The air in the room thickened, the tension snapping tight like a riptide, pulling everything under in an instant. His body was coiled, wound so tight with fury that it seemed ready to burst. Every muscle in his frame tensed, his gills flaring wide like a warning. The unspoken threat in his posture hung heavy in the air, a low, menacing hum that made my breath catch in my throat.
A dreadful thought clawed at the back of my mind, growing louder with every second.

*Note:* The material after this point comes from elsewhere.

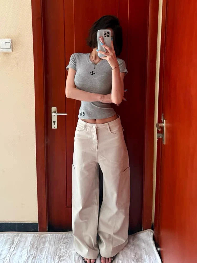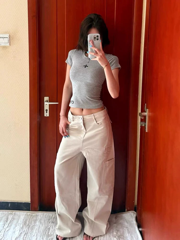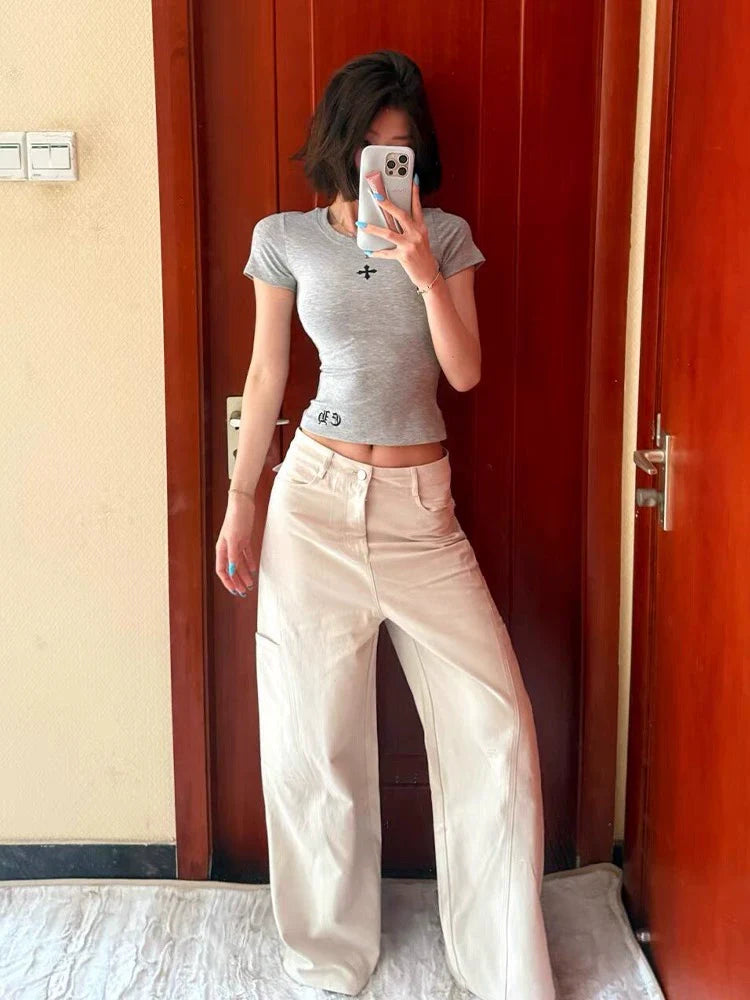 - Top: Gray short sleeve top with American retro cross prints, blending Y2K "Abi" light subculture and retro charm. Soft tone for versatile summer wear.

Could he be pushed past the brink?
Had he felt this kind of rage before? The kind that came when he was captured, when he fought for his freedom? His words echoed in my head, his voice haunted by something darker. 
I’ve hurt people.
My stomach twisted violently as the terrifying question ripped through my thoughts.
Did he kill his captors?
The weight of the possibility hung in the room like a shadow. As if the earth itself could sense his turmoil as a dark cloud rolled over the sun, shrouding the room in a dark gray light. 
Would he do it again? Would he lash out, and if so, at me? I could see the storm in his eyes, and the way his breath came in short, sharp bursts told me he was on the edge of losing control. It was as though I was standing on the edge of a cliff, waiting for something—anything—to tip him over the edge.

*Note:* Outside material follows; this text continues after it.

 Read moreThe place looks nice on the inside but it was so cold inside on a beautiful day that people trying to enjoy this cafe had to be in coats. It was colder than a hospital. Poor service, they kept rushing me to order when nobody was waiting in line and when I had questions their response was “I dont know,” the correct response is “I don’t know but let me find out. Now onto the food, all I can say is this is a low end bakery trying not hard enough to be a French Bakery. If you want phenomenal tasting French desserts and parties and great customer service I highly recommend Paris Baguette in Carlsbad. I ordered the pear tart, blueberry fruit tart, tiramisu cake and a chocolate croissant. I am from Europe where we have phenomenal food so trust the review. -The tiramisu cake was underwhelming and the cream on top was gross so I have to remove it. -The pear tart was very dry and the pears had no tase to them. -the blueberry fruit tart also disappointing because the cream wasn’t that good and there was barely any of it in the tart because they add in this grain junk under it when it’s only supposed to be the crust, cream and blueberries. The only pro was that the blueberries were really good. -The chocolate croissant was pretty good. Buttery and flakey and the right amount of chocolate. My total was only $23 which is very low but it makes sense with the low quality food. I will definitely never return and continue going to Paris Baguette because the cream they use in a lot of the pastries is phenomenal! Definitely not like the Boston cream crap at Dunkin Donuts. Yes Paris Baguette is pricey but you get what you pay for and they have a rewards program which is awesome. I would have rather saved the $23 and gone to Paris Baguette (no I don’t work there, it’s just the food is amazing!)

Charles, to his credit, remained calm. He didn’t back away, didn’t flinch, but his expression softened just enough to show he was trying to level with him. “Arthur,” he said evenly, “I have no idea what I’m working with here. I can’t give you the proper care if I don’t know what’s going on inside your body. You need to let me study you first.”
The words struck a nerve.
Arthur’s body tensed, his muscles convulsing like he was preparing to strike. His fins flared—all of them. The ones along his arms and head, the ones that normally lay flat against his body, had risen in a display I had never seen before. And they were pointed. Perilous. 
Then, something new happened.
Arthur opened his mouth, but what came out wasn’t English. Wasn’t human human speech. 

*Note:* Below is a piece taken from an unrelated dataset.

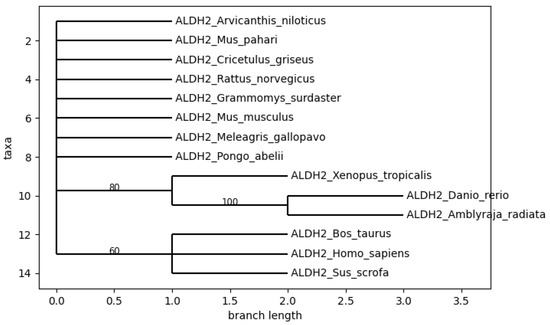 - Phylogenetic analysis of ALDH2 sequences of fourteen species.

A string of guttural, unfamiliar words spilled into the air, rough and raw like stones grinding against the ocean floor. The sound was deep, layered, yet there was something melodic buried beneath the harshness, something that almost resembled a song.
I froze.
Was this his natural language?
Arthur’s chest rose and fell, his throat working as he spoke in that strange, haunting cadence, his bioluminescent veins pulsing faintly as if responding to the rhythm of his voice. My heart pounded as I watched, transfixed, completely unprepared for the deep ache that curled through my gut at the realization—
This was something ancient. Something that belonged to him. To his kind.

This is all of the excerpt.